*YOUR GOAL*. Exactly reproduce the lines from the line bearing "Experience our unique faux Liquid" through the end of the listing, inclusive of both; pictures are to be omitted.

*RAW DATA*.
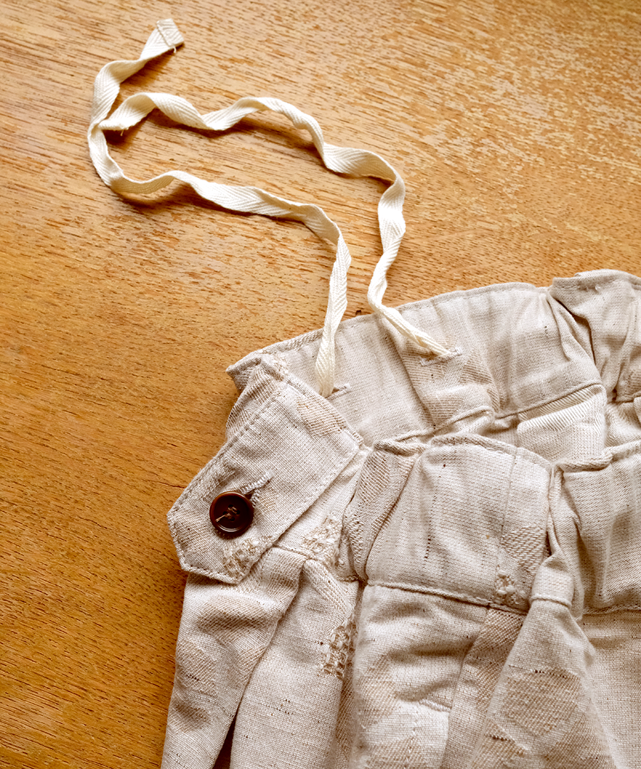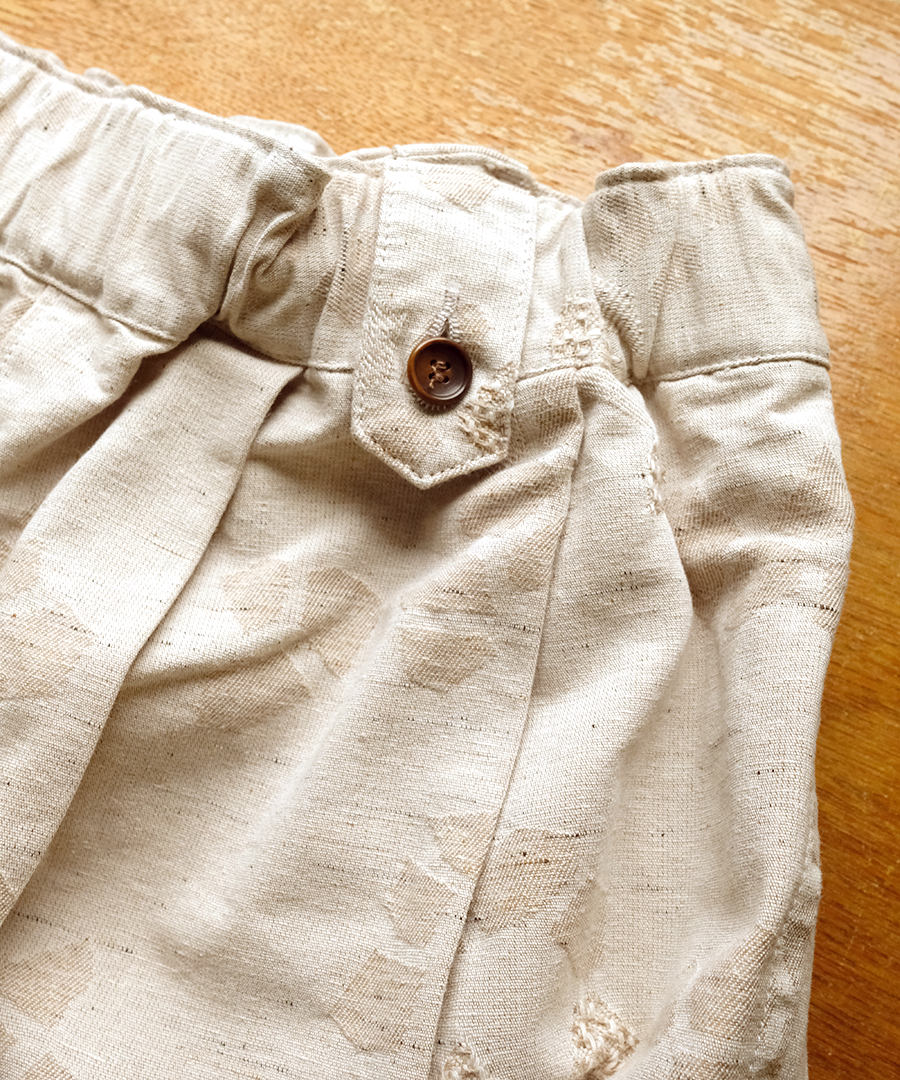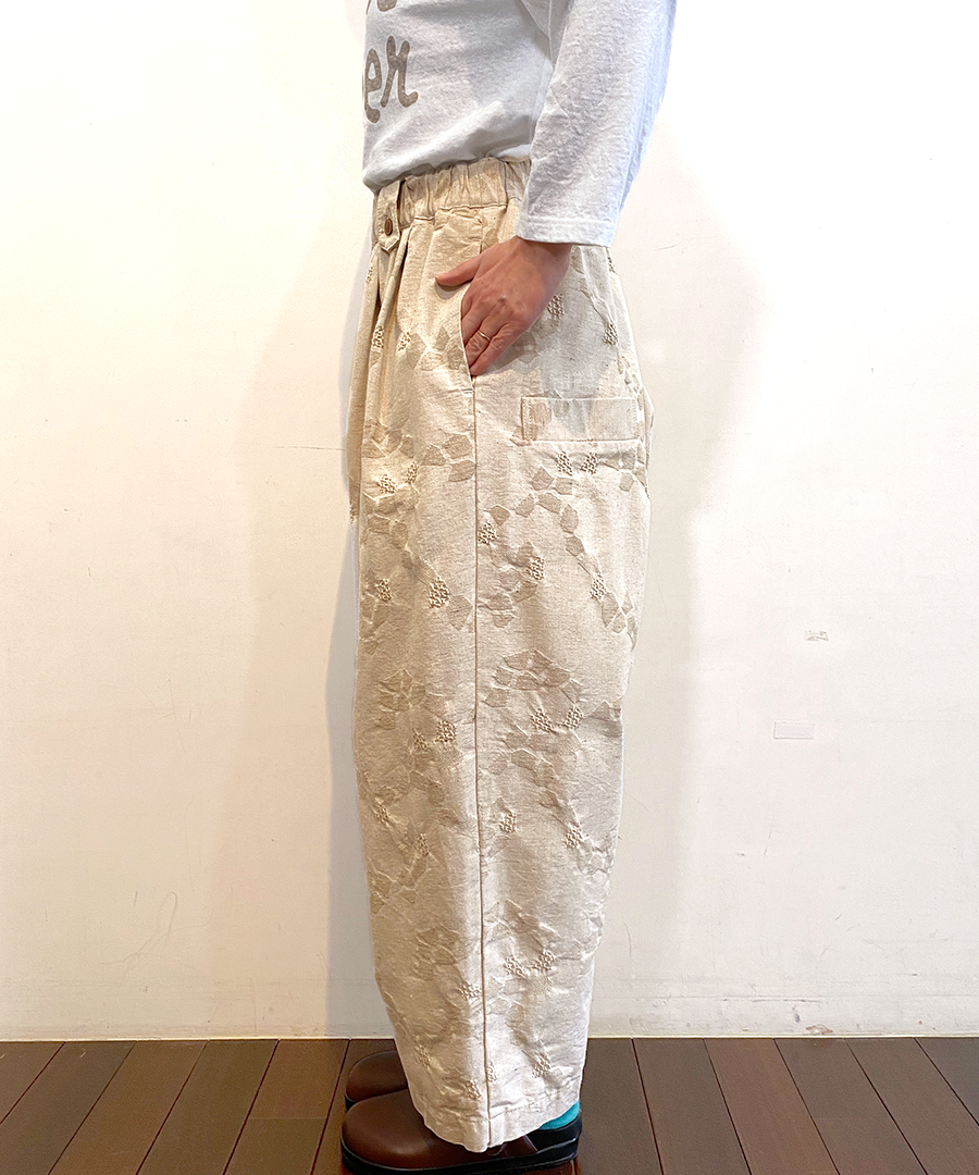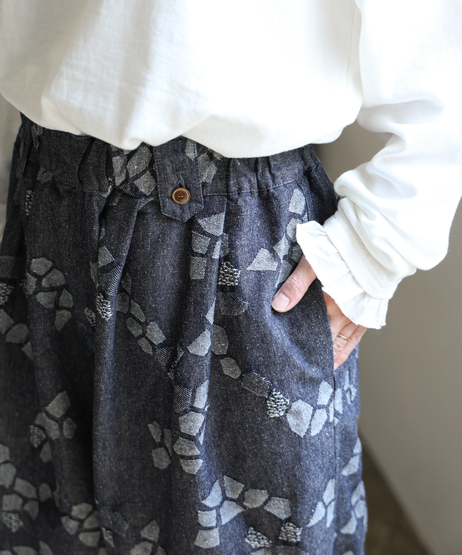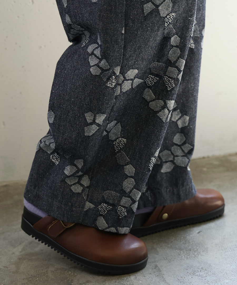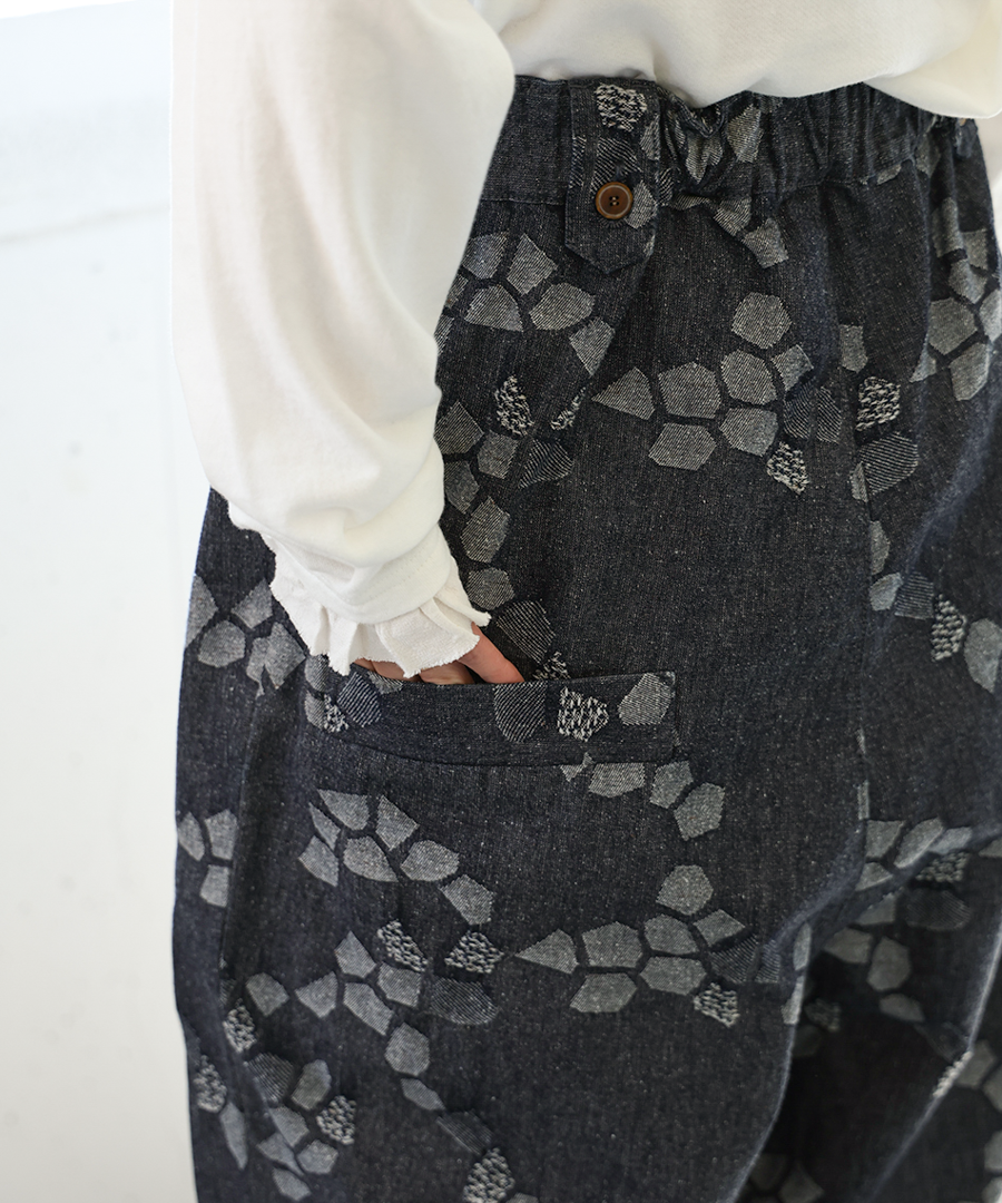 3種の織り柄を組み合わせ、ジャガード織りで幾何学柄を表現したデザインパンツ。
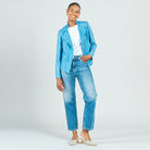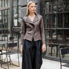 Experience our unique faux Liquid Leather Signature Jacket which is made from our beautiful signature stretch knit, extremely lightweight soft "lambskin feel" fabric with an antique-like textured matte finish. This jacket features a notched lapel with an upright collar, long sleeves, a rustic gold a-symmetrical zip closure, faux pocket slits as well as complimentary detailed front and backstitching.
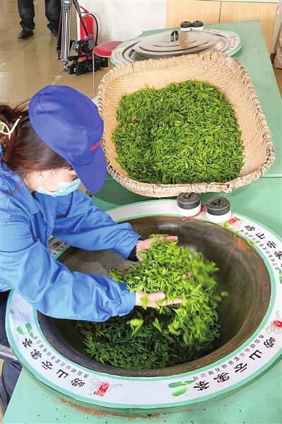 经过20多名采茶工一上午的采摘,四五十斤茶叶鲜叶采入篮中,随后经过验收、摊晾、杀青、揉捻、炒干等系列工艺,大田春茶出炉。

*TASK OUTPUT*.
 Experience our unique faux Liquid Leather Signature Jacket which is made from our beautiful signature stretch knit, extremely lightweight soft "lambskin feel" fabric with an antique-like textured matte finish. This jacket features a notched lapel with an upright collar, long sleeves, a rustic gold a-symmetrical zip closure, faux pocket slits as well as complimentary detailed front and backstitching.
 经过20多名采茶工一上午的采摘,四五十斤茶叶鲜叶采入篮中,随后经过验收、摊晾、杀青、揉捻、炒干等系列工艺,大田春茶出炉。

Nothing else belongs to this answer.